The First Year of the New Ukrainian President is a Success - President of the Project for Transitional Democracies

KYIV, Ukraine, Feb. 11 /CNW/ - "President Viktor Yanukovych and the new government had a very good year in 2010. They reached an agreement with the IMF, initiated intense negotiations regarding the free trade area with the EU, and signed the Action Plan on visa regime liberalization. They saw the country growing again, and did not go bankrupt like Greece," stated Bruce Jackson, the president of the Project on Transitional Democracies and a successful US lobbyist in his interview to The Day.

Bruce Jackson has been a frequent visitor to Ukraine in the last years. This week he met with the Ukrainian President, the head of the Ukrainian Intelligence (SBU) and other officials, and also had a chance to share his opinion with Ukrainian media.

The renowned American expert positively assessed the Ukraine's efforts to fight corruption. Meanwhile, he considered the premature legal system of the country the main barrier preventing the effective judicial persecution of the corrupt officials. Such a status-quo often provokes a strong public concern over political persecution of the opposition every time an opposition member is accused of corruption.

"The President is really tormented by the corruption that is killing his country, preventing recovery, stopping reform.
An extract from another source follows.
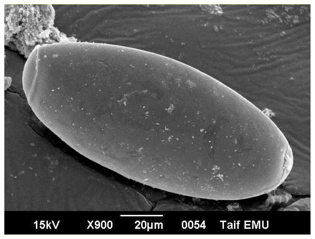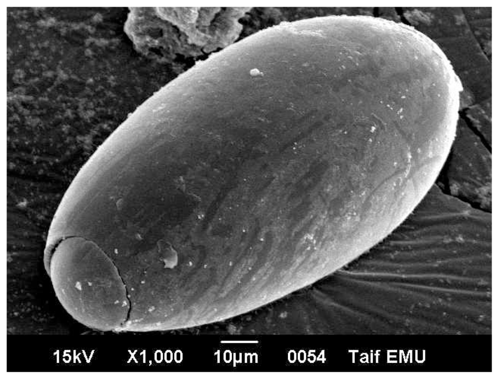 Fasciola egg (control, non treated) Notice the smooth texture of the egg surface.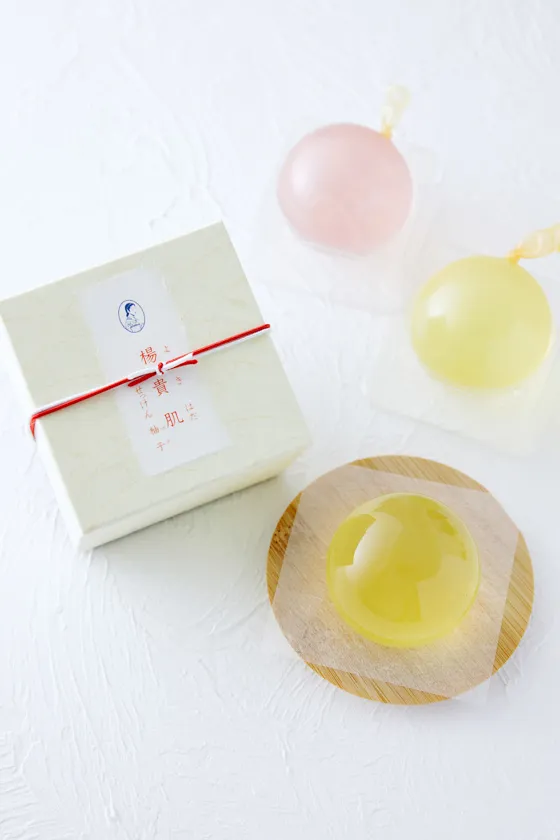 「楊貴肌(よきはだ)玉せっけん」は下呂膏の生薬成分に着目して出来上がったゼリー状のせっけんです。“ 楊貴妃の肌 ” と “ 良い肌 ” をかけ合わせた名前の通り、洗顔後はすべすべ、もっちりとした肌に!

He faces the bureaucracy, private interests, etc. He looks good and strong. He is a reflective president and realizes everything is not so easy, he writes a decree and people don't do it, they do whatever they want," said Bruce Jackson.
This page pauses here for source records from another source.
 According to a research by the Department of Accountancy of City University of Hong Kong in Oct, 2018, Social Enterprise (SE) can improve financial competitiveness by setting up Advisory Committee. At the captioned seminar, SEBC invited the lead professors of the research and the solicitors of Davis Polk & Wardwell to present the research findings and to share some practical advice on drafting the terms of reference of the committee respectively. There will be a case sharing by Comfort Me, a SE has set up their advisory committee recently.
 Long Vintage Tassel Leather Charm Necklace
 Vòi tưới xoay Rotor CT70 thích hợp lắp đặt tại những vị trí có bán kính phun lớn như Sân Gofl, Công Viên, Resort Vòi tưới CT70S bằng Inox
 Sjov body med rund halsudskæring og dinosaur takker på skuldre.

The expert finds that the democratic process in Ukraine is developing in a way, which is very similar to that of Ukraine's Eastern European neighbors. He admitted that there are several draw-backs, which, however, do not threat the country's overall development. "Poland was selling tanks to Sudan in the middle 1990s and we hushed it up, we said they were freedom fighters. The Czechs are still heavy in corruption, the Bulgarians shot 123 journalists in the streets of Sofia and we didn't say anything, we got them into NATO. Romania,I don't even have to tell you," Jackson said.

At the same time he noted that the world is paying much closer attention to Ukraine than it did to Poland, Czech Republic and Romania at the time of the above mentioned events.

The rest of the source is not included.